A start at breaking this down property by property:


DC.title#

The title of the wiki page.

property http://purl.org/dc/elements/1.1/title
example One Minute Wiki

There should probably be a provision for an ISO language code to permit multiple language expressions of the wiki page title.


DC.format#

property http://purl.org/dc/elements/1.1/format
schema http://purl.org/dc/terms/IMT
fixed value application/x-wiki+jspwiki

In the the DCMI schema, the type property would be expressed as Format, identified by the URI http://purl.org/dc/elements/1.1/format. When expressed in a syntax that permits it, one should add "IMT" (Internet Media Type) as the scheme using the DCMI Term http://purl.org/dc/terms/IMT.
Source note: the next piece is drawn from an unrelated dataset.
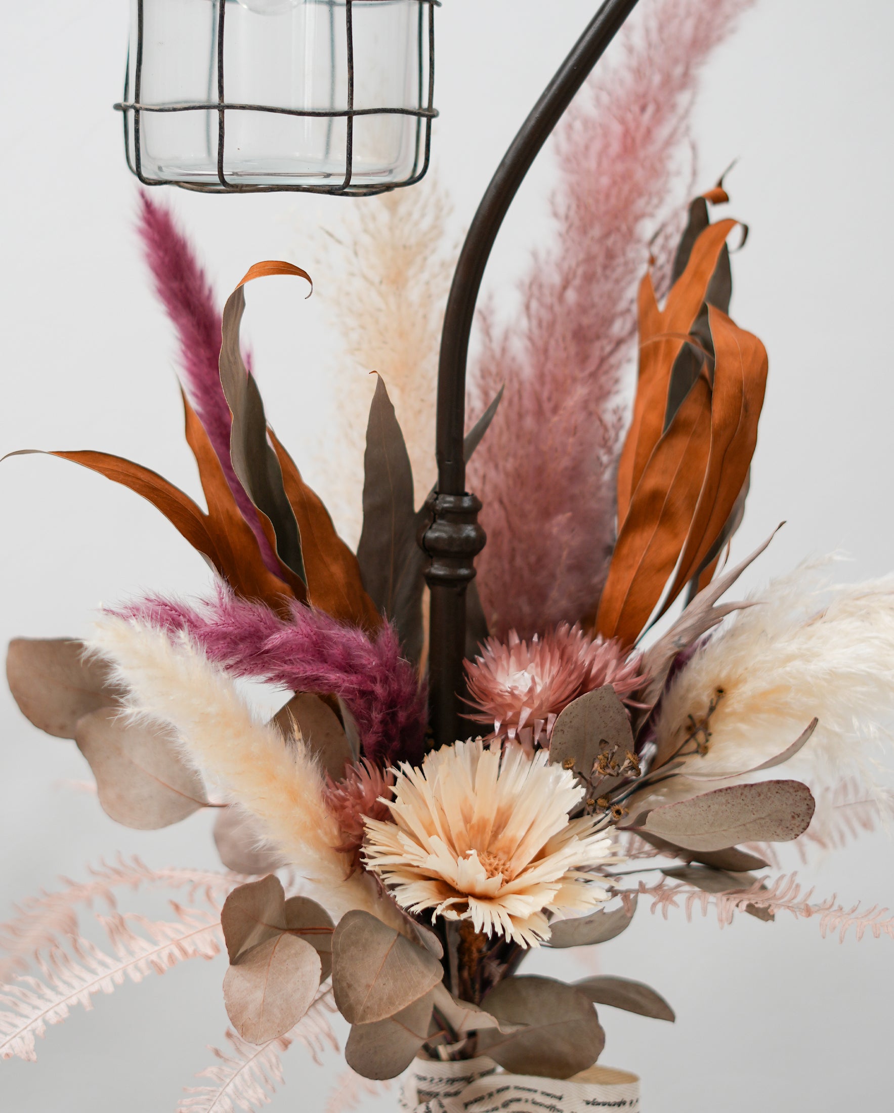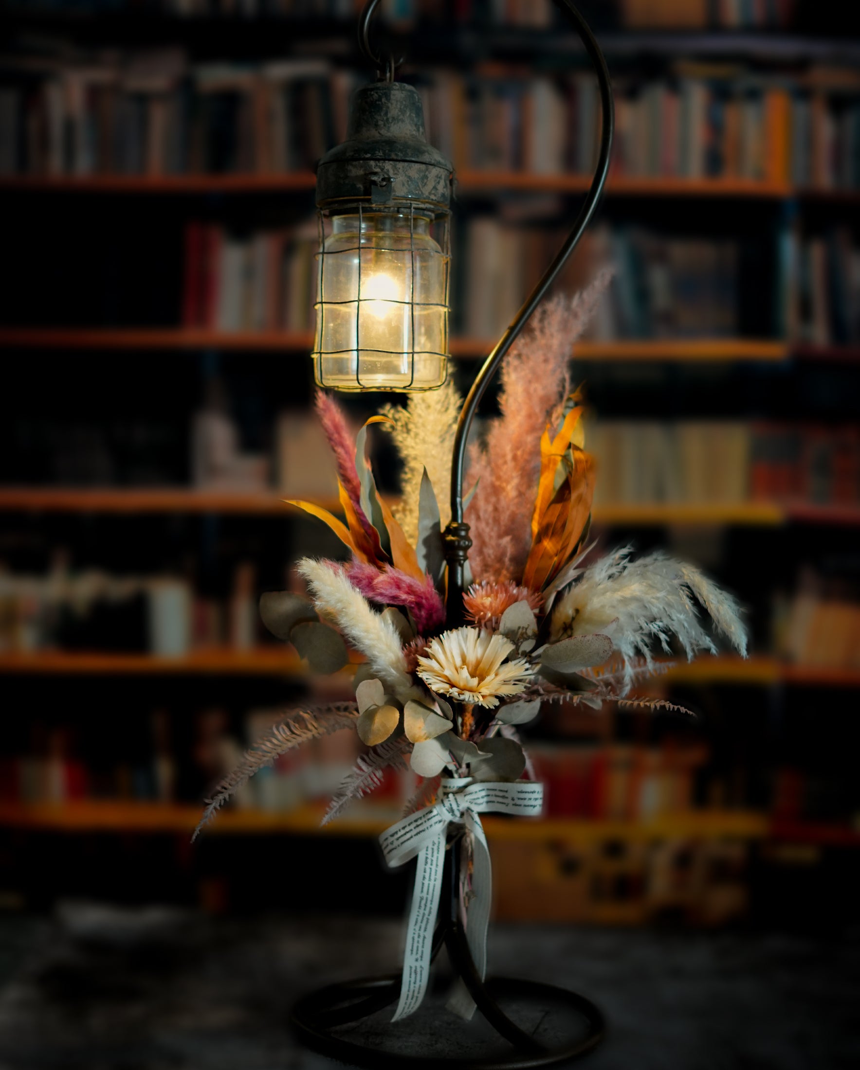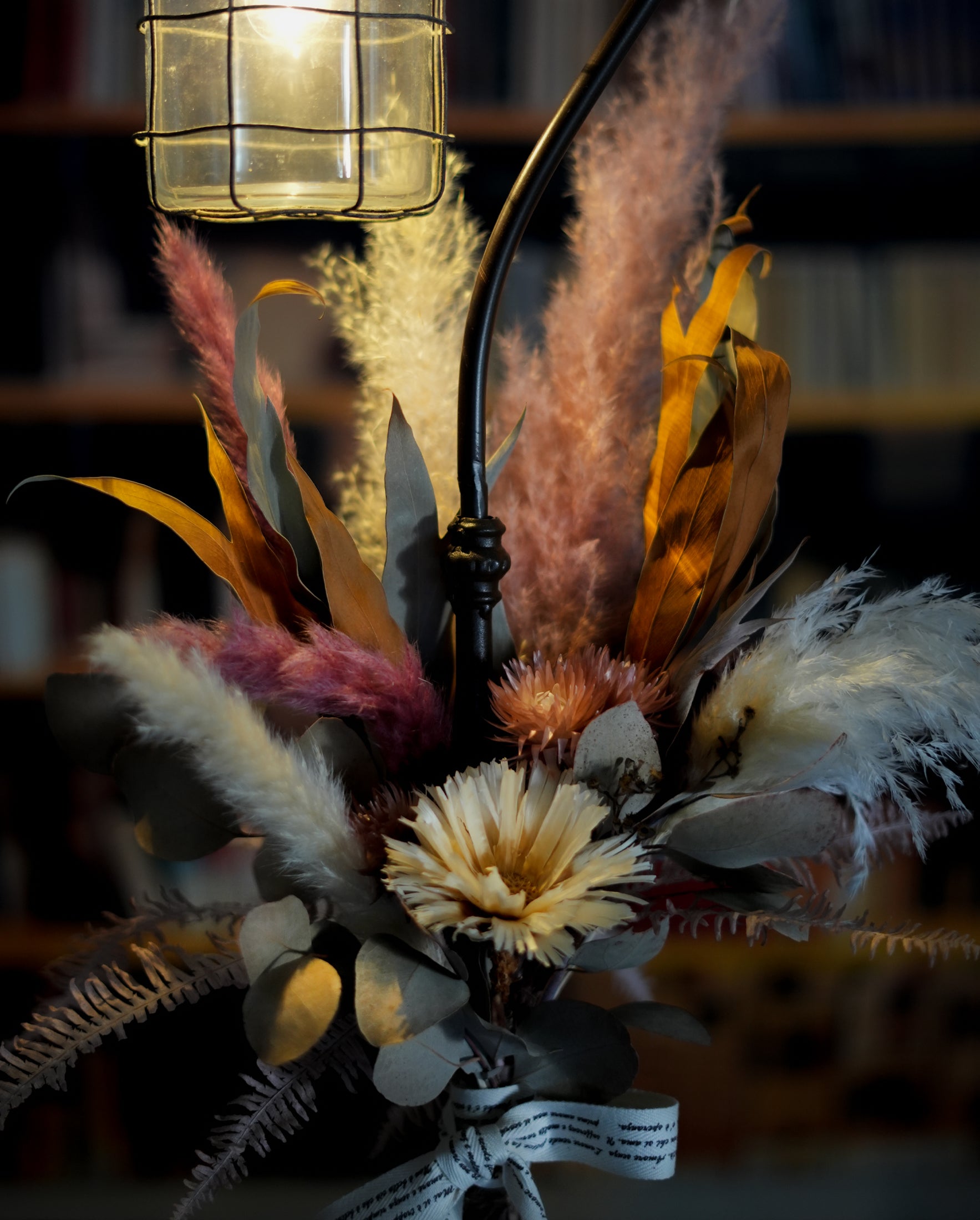 ドライフラワーのランプがお部屋を華やかに彩り、インテリアや間接照明、ライトスタンドとしてご使用いただけます。

The IMT (or MIME) type for wikis has been a bit of a holy grail for a long time. I'd not recommend putting 'jspwiki' at the immediate token following the 'x-' as it's really a flavor. In reading over RFC 2046 I'm rather torn between text/ and application/ given wiki text is generally human-readable, but what tends to kick it over to the application/ side of things is the fact that text/ requires a CRLF as EOL delimiter, and we plainly don't enforce that (nor do I think that CRLF is a reasonable line delimiter in 2007, but that's neither here nor there).

So what I'd recommend for the IMT for JSPWiki would be application/x-wiki+jspwiki, where the content following the + sign is the syntax identifier. It's not great (I think it'd ideally be a URL since I'm sure IANA doesn't want to register wiki syntax names) but it's okay.

We might want a way to express the difference between a wiki page and an attachment; not sure where I'd do that.


DCTERMS.created#

The initial creation date of the wiki page.

property http://purl.org/dc/terms/created
example 2007-03-22T09:44:52

DCTERMS.modified#

The date of the last modification of the wiki page (i.e., its most recent revision).

property http://purl.org/dc/terms/modified
example 2007-05-14T12:31:02

DC.creator#

The initial creator of the wiki page (its first revision).

property http://purl.org/dc/elements/1.1/creator
example JanneJalkanen

DC.contributor#

The editor of the most recent revision of the wiki page.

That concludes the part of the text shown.